Burbank continues: “In the audience-centric Web, metrics will answer traditional marketing questions: Who saw my ad? Did I affect the way they think about my product? Did they actually buy more?”. These are all valuable questions since they actually focus on the business outcomes. Burbank is also very right where he states that online is no longer an island and that cross-channel is really the way to go.
Contextual and personalized touchpoint marketing is cross-channel
It’s obvious: people use several channels. In fact, people don’t think in terms of channels. They are channel-agnostic. Every time there is an interaction – visible or not – between a brand and a consumer, you have a touchpoint that can serve as a trigger, can be optimized, measured, etc. It’s the holistic single customer view that matters. An audience is a vast concept, a person is a more…personal concept but a touchpoint is a very tangible concept that even goes beyond the individual customer since it includes need, subject, social object, intent, meaning, etc.
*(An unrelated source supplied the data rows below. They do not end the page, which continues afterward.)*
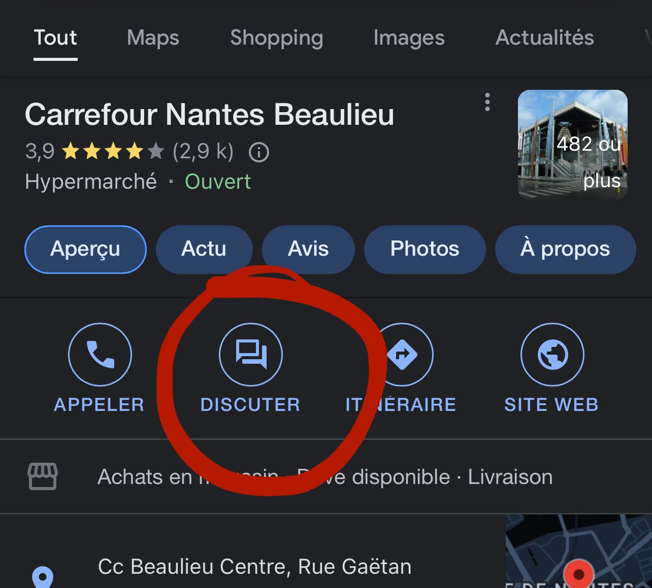 Pour se faire une idée précise de vers quoi on va, voici ci-dessous le bouton discuter sur les pages Google My Business qui permet d'envoyer un message texte à une entreprise.
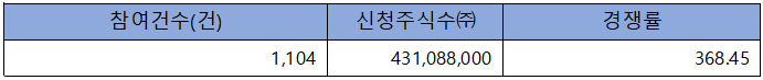 수요예측 참여 건수는 총 1,104건에 신청 주식수 431,088,000주로, 참여 경쟁률 368.45 : 1의 실적을 기록했습니다.
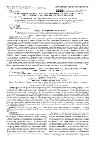 В данной научной статье представлен глубокий анализ современных подходов к пониманию сущности понятия благополучия, а также сравнение подходов к пониманию эмоционального благополучия в рамках отечественной и зарубежной психологической науки. Авторы рассматривают различные теоретические модели, акцентируя внимание на ключевых аспектах эмоционального благополучия, таких как счастье, удовлетворенность жизнью и эмоциональная устойчивость. Анализируется богатство теоретических позиций и разнообразие определений, связанных с эмоциональным благополучием, включая его связь с психологическим, социальным и физическим здоровьем. Особое внимание уделяется сравнительному анализу методологических подходов и исследовательских инструментов, используемых в разных культурных и научных традициях. В статье также обсуждаются социокультурные и индивидуальные факторы, влияющие на эмоциональное благополучие, и предлагаются направления для будущих исследований в этой области. Через сравнительный анализ различных подходов и точек зрений, авторы приходят к выводу о необходимости интеграции различных теоретических подходов для более глубокого понимания механизмов эмоционального благополучия и разработки эффективных методик его поддержания и развития. Результаты проведенного теоретического исследования лежат в основе разработки экспериментального изучения вопросов эмоционального благополучия у педагогов.

Nevertheless, the audience-centric view to me is still too much about mass. One-to-one marketing in a personal way is what we strive for and, yes, big brands will continue to try to attract attention and create interest using interruptive tactics. But in the online and certainly social space, they will have to work much harder to earn that attention.
Contextual, personalized, cross-channel and integrated touchpoint marketing become far more important. It is by definition cross-channel and individualized, with a stronger focus on digital footprints, behavior and real-time optimization.
Demographics don’t interact or buy, people do. And their intent and emotions matter. So, maybe we should start talking about people-centric or “humanistic”. I don’t know and it doesn’t matter what name the baby gets as long as we see that the audience is not one and it talks back.
John also writes that “The richer the consumer data, the richer the business opportunity“. Very true, at least if you use the proper data in the right way and look at the customer across all touchpoints and channels.